We aimed to develop and evaluate a biologically informed framework for selecting valid genetic instruments for dietary exposures, based on genes encoding taste and olfactory receptors that mediate chemosensory inputs and shape food preferences and dietary behaviour.
Methods
We prioritised 1,214 nonsynonymous variants in 30 taste and 295 olfactory receptor genes with minor allele frequency ≥1%.
Associations with 140 food-liking traits were tested in UK Biobank participants aged 37 to 73 years.
Candidate variants were evaluated using a multi-stage filtering pipeline designed to improve instrument validity.

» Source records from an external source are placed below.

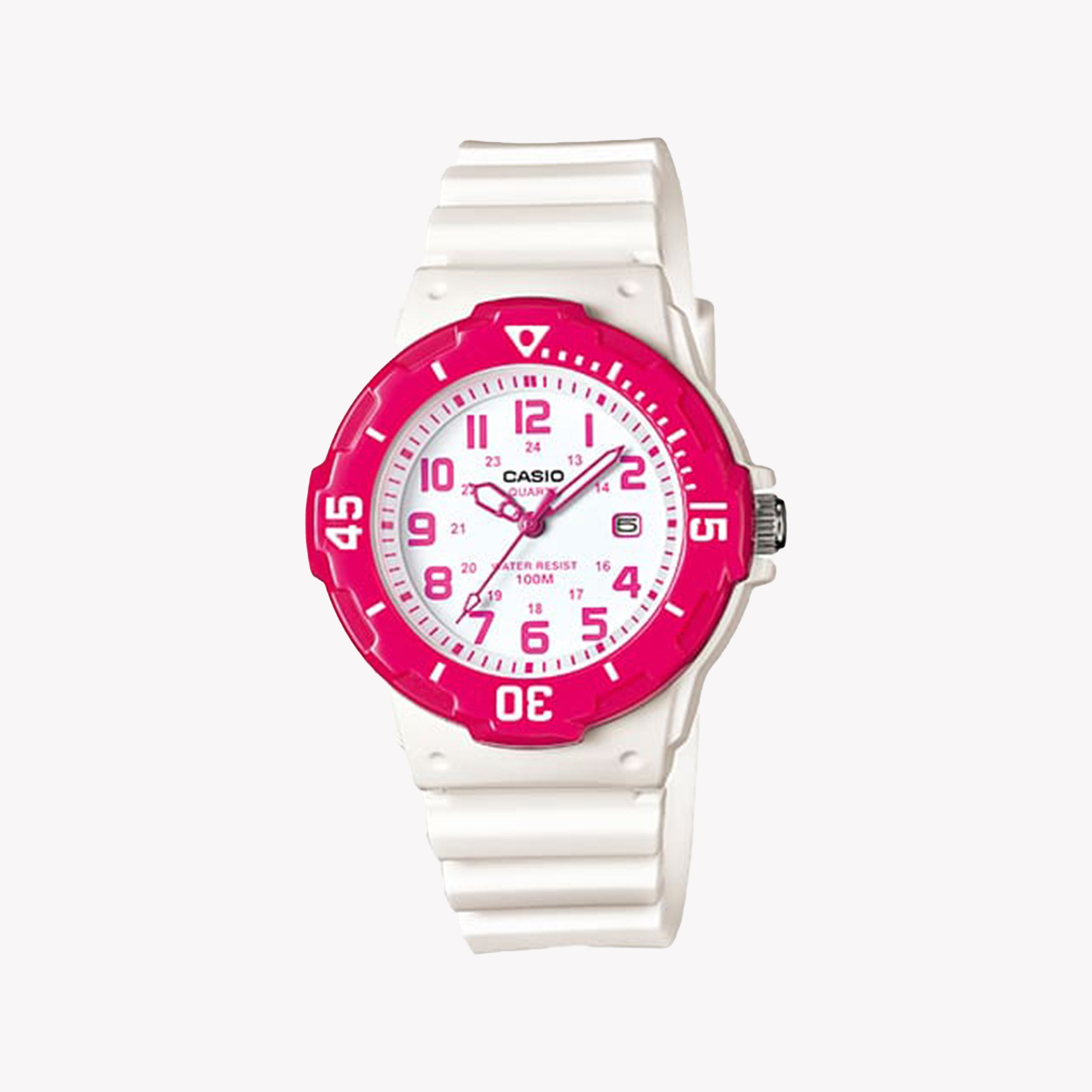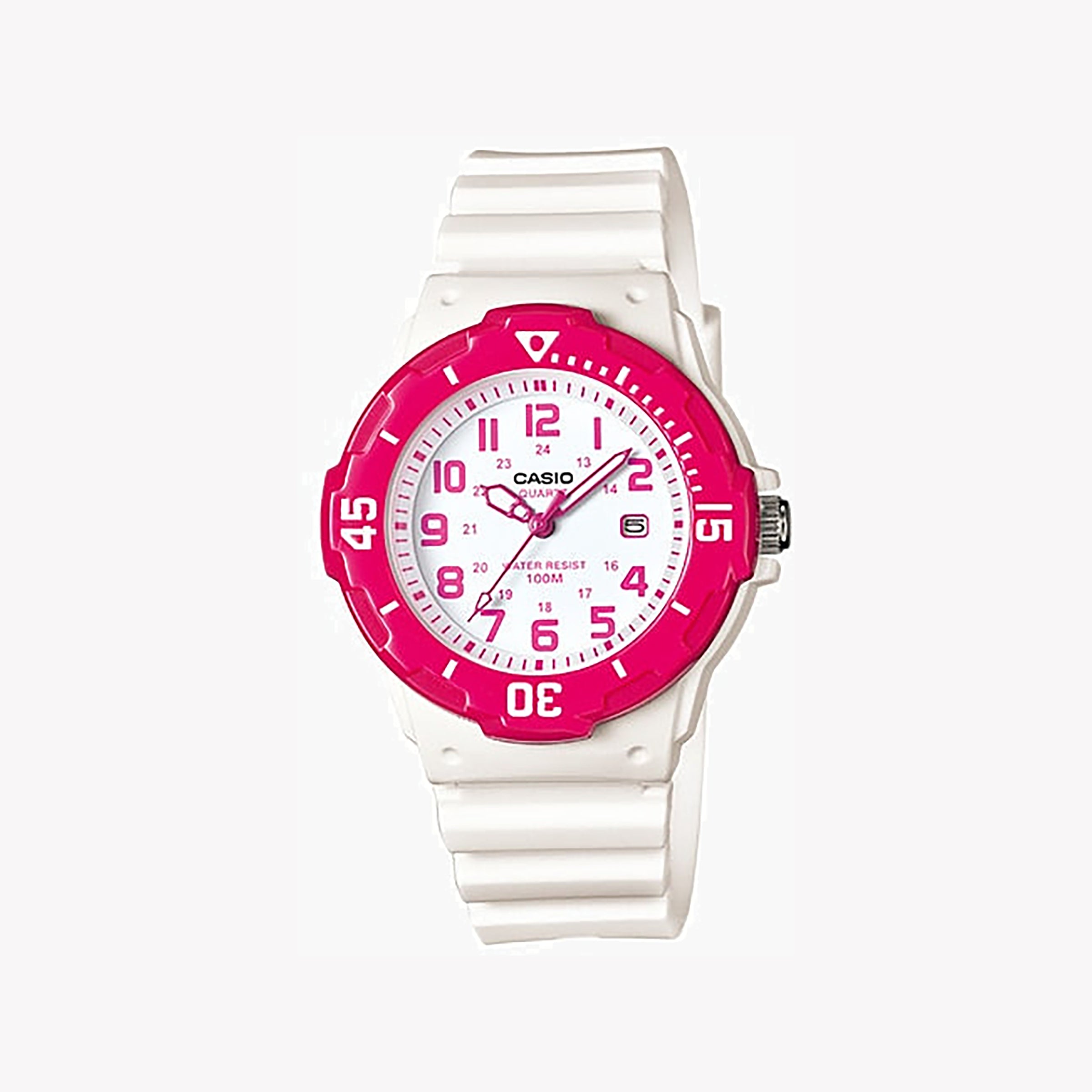 Unleash adventure with the Casio LRW-200H-4BVDF women's watch. Stylish white resin design, accurate ±20 seconds/month, 100m water resistance, and versatile features.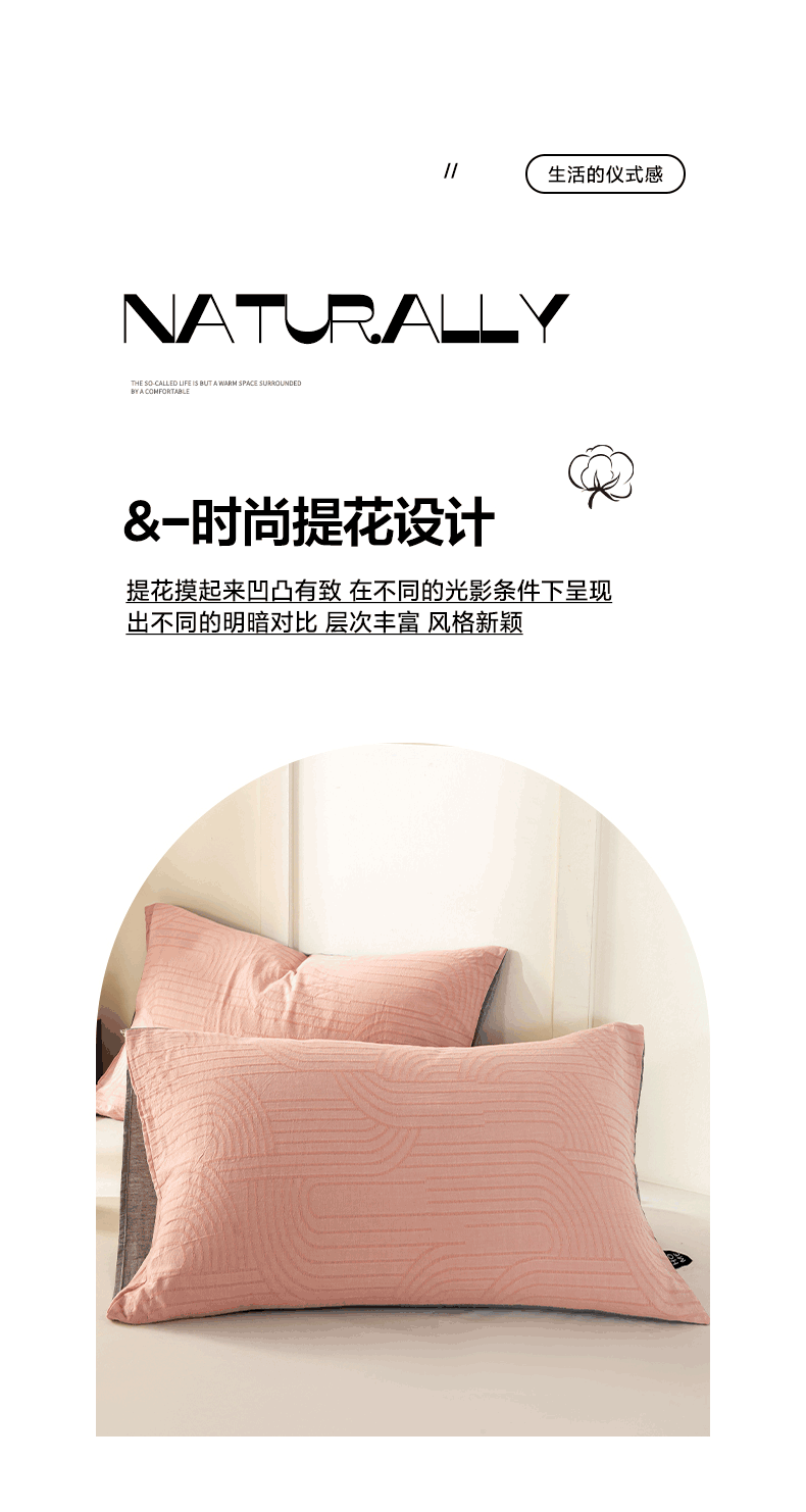 商品名称:恋人优选 2026新款全棉提花枕套 浮光粉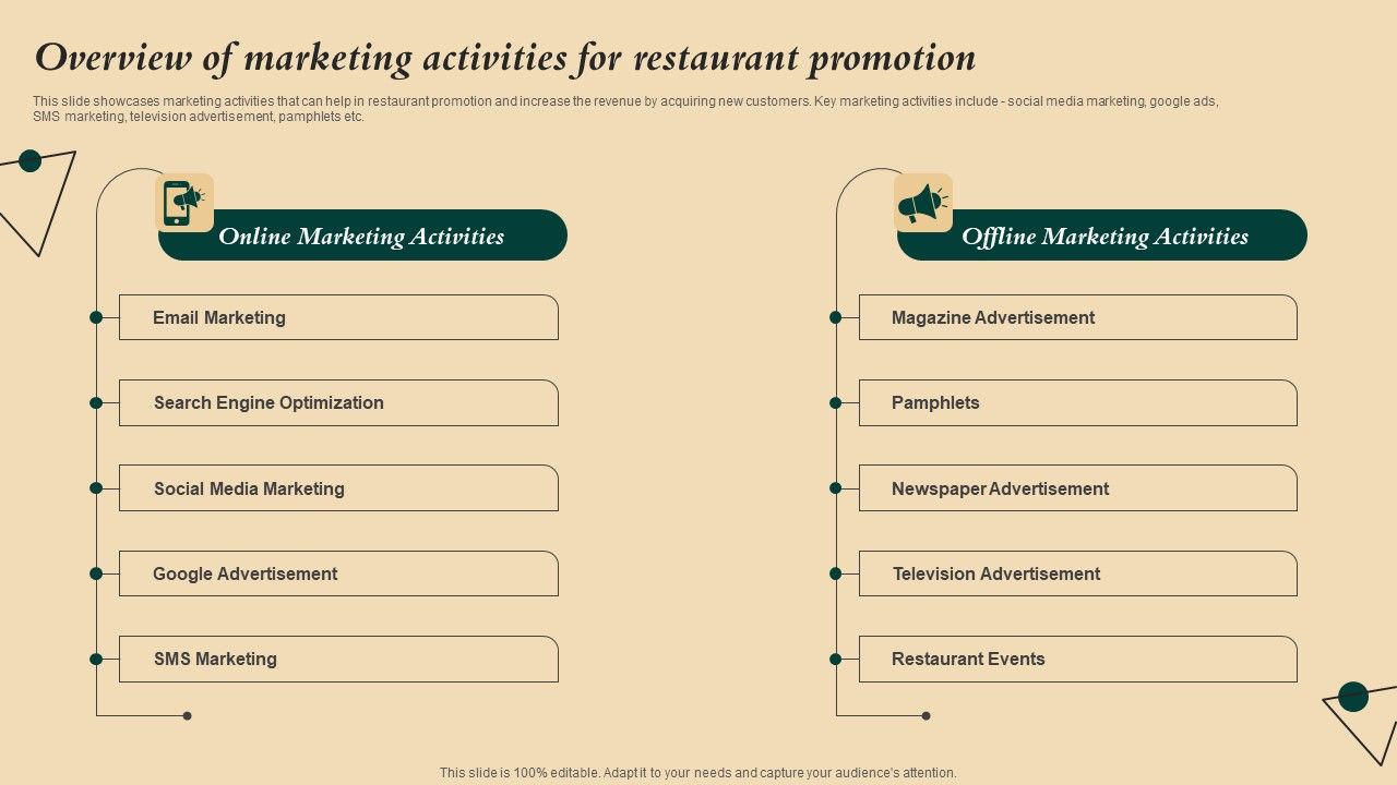 This slide showcases marketing activities that can help in restaurant promotion and increase the revenue by acquiring new customers. Key marketing activities include - social media marketing, google ads,SMS marketing, television advertisement, pamphlets etc. Are you searching for a Coffeehouse Promotion Techniques To Boost Revenue Overview Of Marketing Activities Restaurant Topics PDF that is uncluttered, straightforward, and original Its easy to edit, and you can change the colors to suit your personal or business branding. For a presentation that expresses how much effort you have put in, this template is ideal With all of its features, including tables, diagrams, statistics, and lists, its perfect for a business plan presentation. Make your ideas more appealing with these professional slides. Download Coffeehouse Promotion Techniques To Boost Revenue Overview Of Marketing Activities Restaurant Topics PDF from Slidegeeks today.

This included replication in an independent younger cohort (Avon Longitudinal Study of Parents and Children, age 25), concordance between food liking and intake, exclusion of associations with socioeconomic status, assessment of food specificity accounting for linkage disequilibrium and co-consumption patterns, and directionality testing to reduce reverse causation.
Retained variants were applied as instruments in MR analyses to assess cardiometabolic outcomes.
Results
We identified 268 nonsynonymous variants within 101 olfactory and 16 taste receptor genes associated with 96 food-liking traits.
The filtering process yielded 28 candidate instruments for 24 foods.
Among these, the instrument for onion liking uniquely satisfied all criteria for classification as high confidence.
To demonstrate clinical relevance, genetically proxied onion liking was associated with lower blood pressure and a reduced risk of type 2 diabetes in MR analyses, with no evidence of effects on body mass index, glycaemic traits, or serum lipid levels.
Conclusions
Guiding genetic instrument selection using chemosensory receptor genes provides a biologically informed strategy for dietary Mendelian randomization that reduces susceptibility to pleiotropy and reverse causation.
This framework enables more robust causal evaluation of diet–disease relationships and strengthens inference in nutritional epidemiology and public health research.